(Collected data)
= = = =

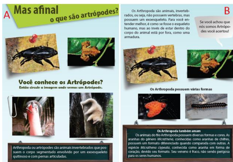
Figura 1: A) Página inicial introduzindo aos artrópodes; B) Modelo de formulação do conteúdo onde o aluno por tentativa e erro – Fonte: Nascimento, 2015

À vista disso a cartilha é montada visando as novas tendências educacionais priorizando a formulação de conceitos e a não memorização (Fig. 1). Quando relacionamos o conteúdo dos livros didáticos com as novas propostas da educação, somos capazes de evidenciar problemas que influenciam no processo de ensino. Os livros didáticos, na sua formulação, condicionam os alunos a uma prática de memorização. No trabalho de VASCONCELOS & SOUTO (2003), é descrito que os livros trazem conceitos gerais sobre os artrópodes, entretanto não a uma interligação entre os conceitos, desta forma, quando o autor pede para os alunos conceituarem um artrópode, eles reproduzem os termos que definem artrópode, mas não conseguem reorganizar seu conhecimento e propor uma definição para Artrópode.
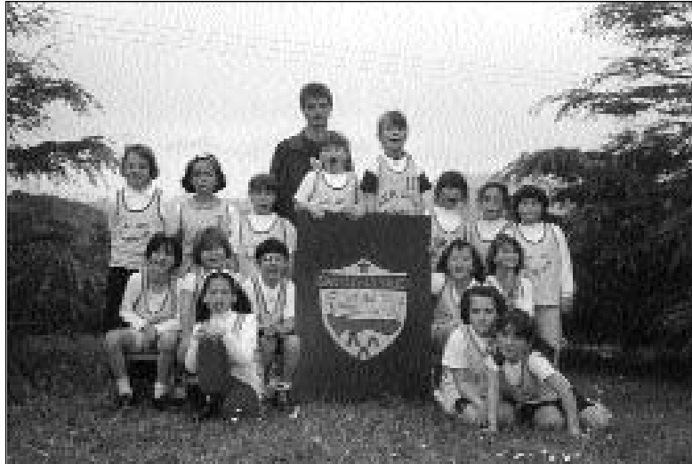
Equipo de Baloncesto de alumnas de SAN LUIS-LA SALLE.
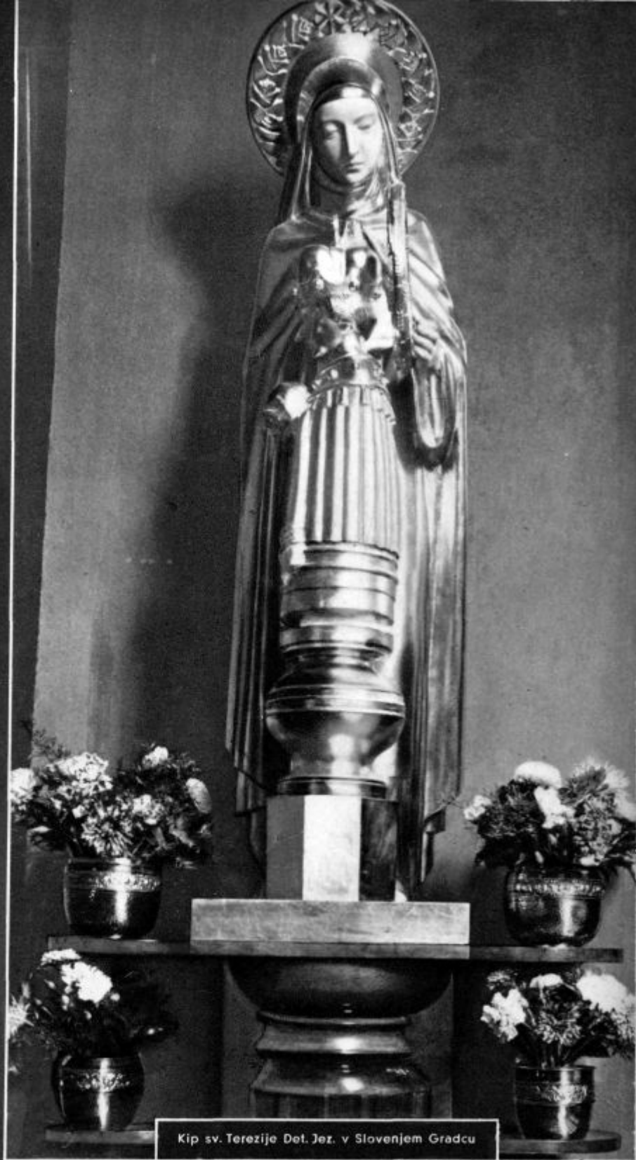
Kip sv. Terezije Det. Jez. v Slovenjem Gradcu
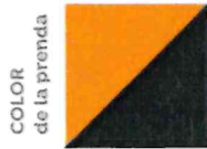
COLOR de la prenda
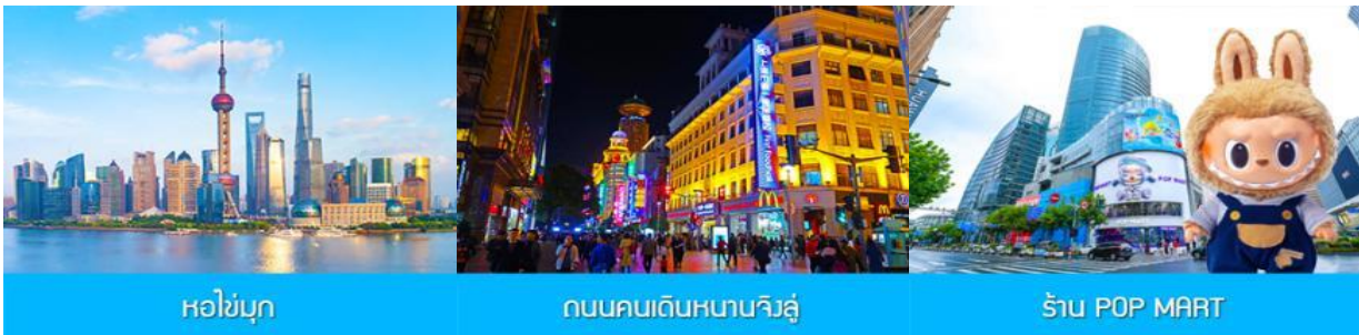
หอไข่มุก
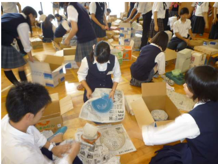
支援物資の仕分け・梱包作業中の生徒

= = = =

REQUIRED ACTION
Restate all of the data word for word and include no pictures.

FINAL ANSWER
Figura 1: A) Página inicial introduzindo aos artrópodes; B) Modelo de formulação do conteúdo onde o aluno por tentativa e erro – Fonte: Nascimento, 2015

À vista disso a cartilha é montada visando as novas tendências educacionais priorizando a formulação de conceitos e a não memorização (Fig. 1). Quando relacionamos o conteúdo dos livros didáticos com as novas propostas da educação, somos capazes de evidenciar problemas que influenciam no processo de ensino. Os livros didáticos, na sua formulação, condicionam os alunos a uma prática de memorização. No trabalho de VASCONCELOS & SOUTO (2003), é descrito que os livros trazem conceitos gerais sobre os artrópodes, entretanto não a uma interligação entre os conceitos, desta forma, quando o autor pede para os alunos conceituarem um artrópode, eles reproduzem os termos que definem artrópode, mas não conseguem reorganizar seu conhecimento e propor uma definição para Artrópode.
Equipo de Baloncesto de alumnas de SAN LUIS-LA SALLE.
Kip sv. Terezije Det. Jez. v Slovenjem Gradcu
COLOR de la prenda
หอไข่มุก
支援物資の仕分け・梱包作業中の生徒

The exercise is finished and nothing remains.